The Linux Foundation and Harvard Lab have released the second in a series of studies of the most commonly used and critical software packages in regular Linux server operations. This second study focuses on the open source software most commonly deployed in private and public organizations, with a view to better assess potential vulnerabilities and where security support should be focused.
The first census in the series was published in 2015 and focused on Debian Linux software packages.

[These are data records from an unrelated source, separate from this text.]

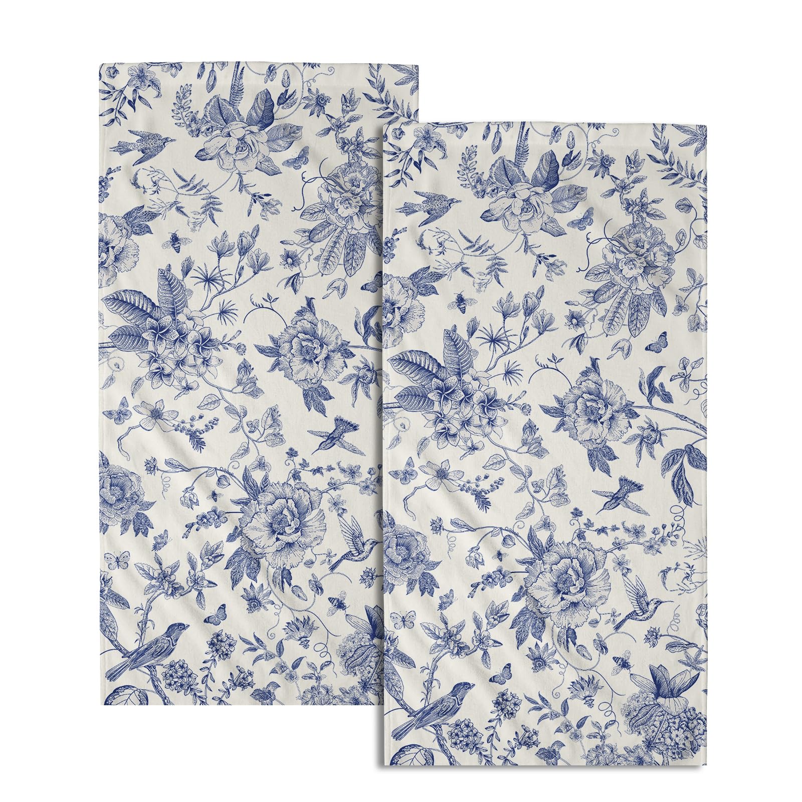 Giwawa Chinoiserie – Juego de 2 toallas de mano decorativas con diseño de hojas azules, suaves y absorbentes, para cocina, habitac
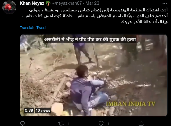 ٹویٹر پر ایک دوسرے صارف نے عربی کیپشن کے ساتھ ویڈیو کو شیئر کیا ہے، جس میں صارف نے ویڈیو کو کوشامبی میں پیش آئے ہجومی تشدد کا بتایا ہے۔
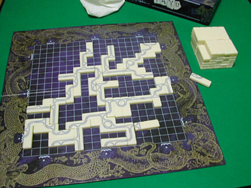 雰囲気はともかく、ゲーム性は非テーマ的ですからアブストラクトといえます。しかし、タイルの引きは運ですので先読みが必要というわけでもありません。とりあえず引いてみて、盤面のあちこちに当てはめてみて考えるという展開になるようです。ちと物理的に重いですが、豪華なタイルも嬉しいですね。
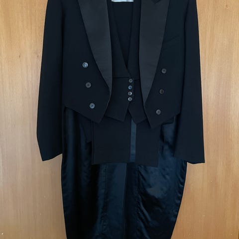 Frackrock: längd: 113cm, bröstomfång: 96cm (bärs oknäppt så större bröstomfång hos bäraren passar utmärkt), axelbredd: 47cm, ärmlängd: 64cm (kan tas ut minst 3cm). Nya täckta smokingknappar har lagts till av skräddare. Insydd för att passa mig som har storlek 48 på kostymjackor. Använd fyra gånger sedan kemtvätt.

This second study is based on analyzes of codebases of thousands of companies, and one of its main security findings is that approximately 80% of the lines of code in the top 50 packages were the creation of ‘a set of only 136 developers.
Linux Open Source Software Census identifies most frequently used packages and potential security issues
Free and open source software (FOSS) was chosen as the subject of the second census in this series because of its ubiquity; as the report notes, tens of millions of FOSS projects now exist and organizations of all types and sizes regularly rely on them (with approximately 98% of codebases now including some sort of FOSS element). However, decentralized distribution and freedom to modify make it difficult to track and measure the security status of these projects. The recent Log4j issue is a clear illustration of this phenomenon.

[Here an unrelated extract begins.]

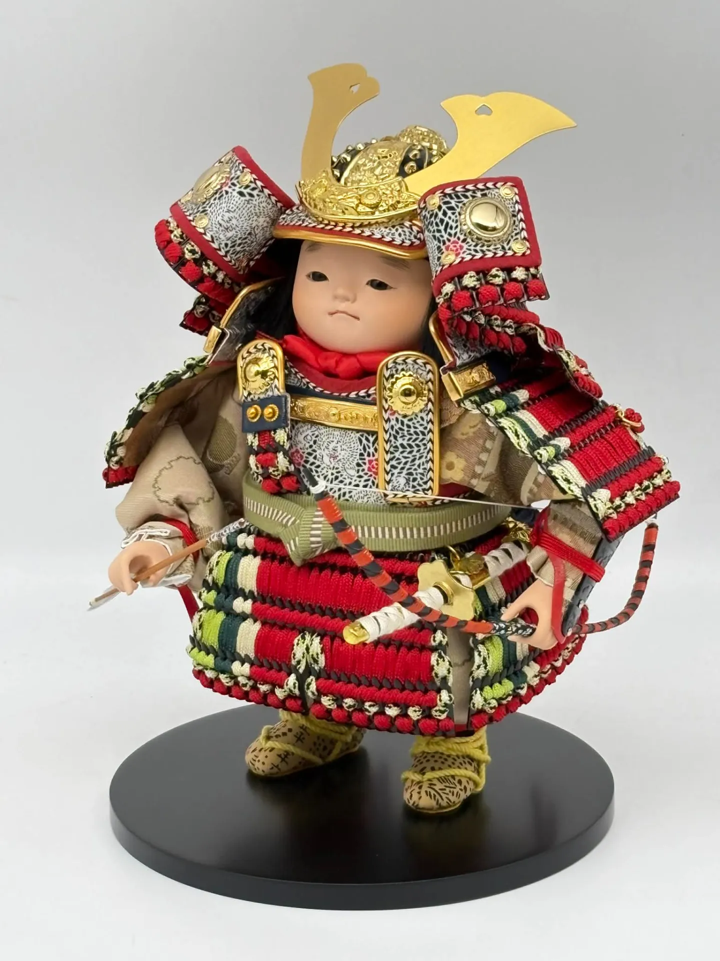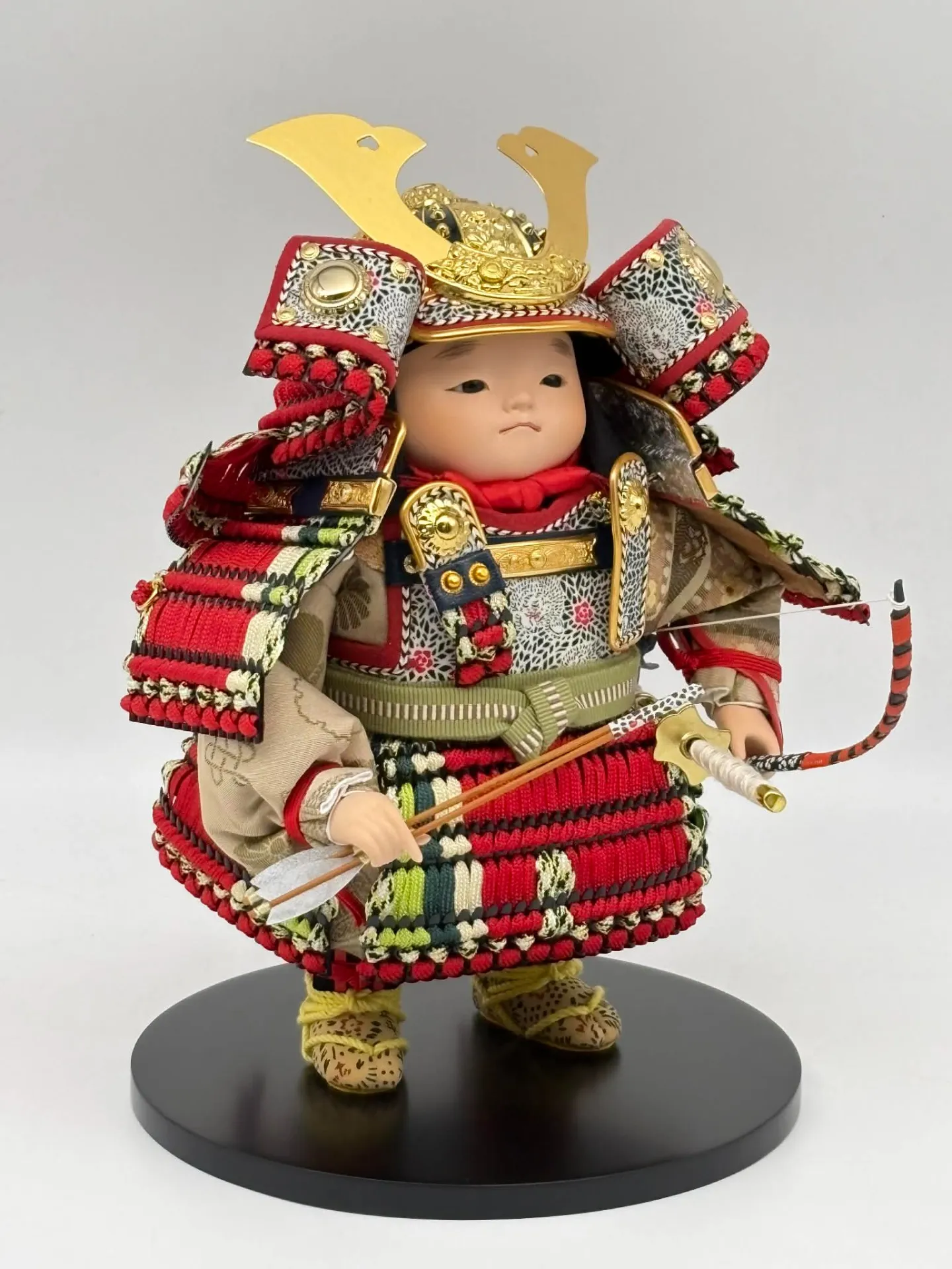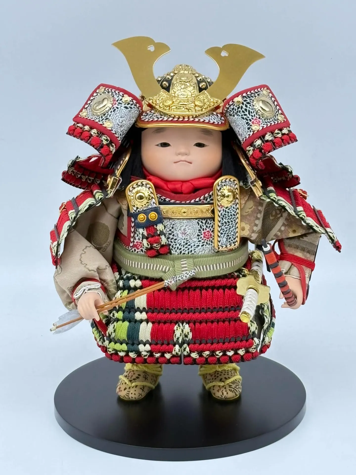 松崎幸一光の「鎧着若大将 悠」は、ふっくらとした頬やきゅっと結んだ口元といった幼い表情に、男の子の健やかな成長を願う力強さが込められています。凛々しさと愛らしさが共存する独特の顔立ちは、家族の希望や祈りを象徴するものです。

The project starts with a simple metric that has not really been sufficiently explored and documented before: which FOSS projects are most widely used? Knowing which are the most common means security resources can be prioritized to them. An earlier preliminary report published in 2020 provided two unranked lists of the top 10 most commonly used open source software at the package level, but this full and final report includes eight lists of the top 500 ranked (half of them at the package level/ version).
The report emphasizes that it does not attempt to present any security profile on open source software packages, but simply to find out which are the most commonly used so that they can be prioritized for further analysis. In addition to being reviewed for security vulnerabilities, this data also helps identify understaffed projects and those where outdated versions are commonly used.
Lessons learned from the inventory of open source software
One of the key lessons the researchers learned from this project is that there is a strong need for a standardized naming scheme for software components, an issue that also emerged during the first census. This is one of the areas where freedom to modify contributes to serious difficulties in identifying and cataloging such software, adding substantial time to the overall effort of inspecting formats and naming standards.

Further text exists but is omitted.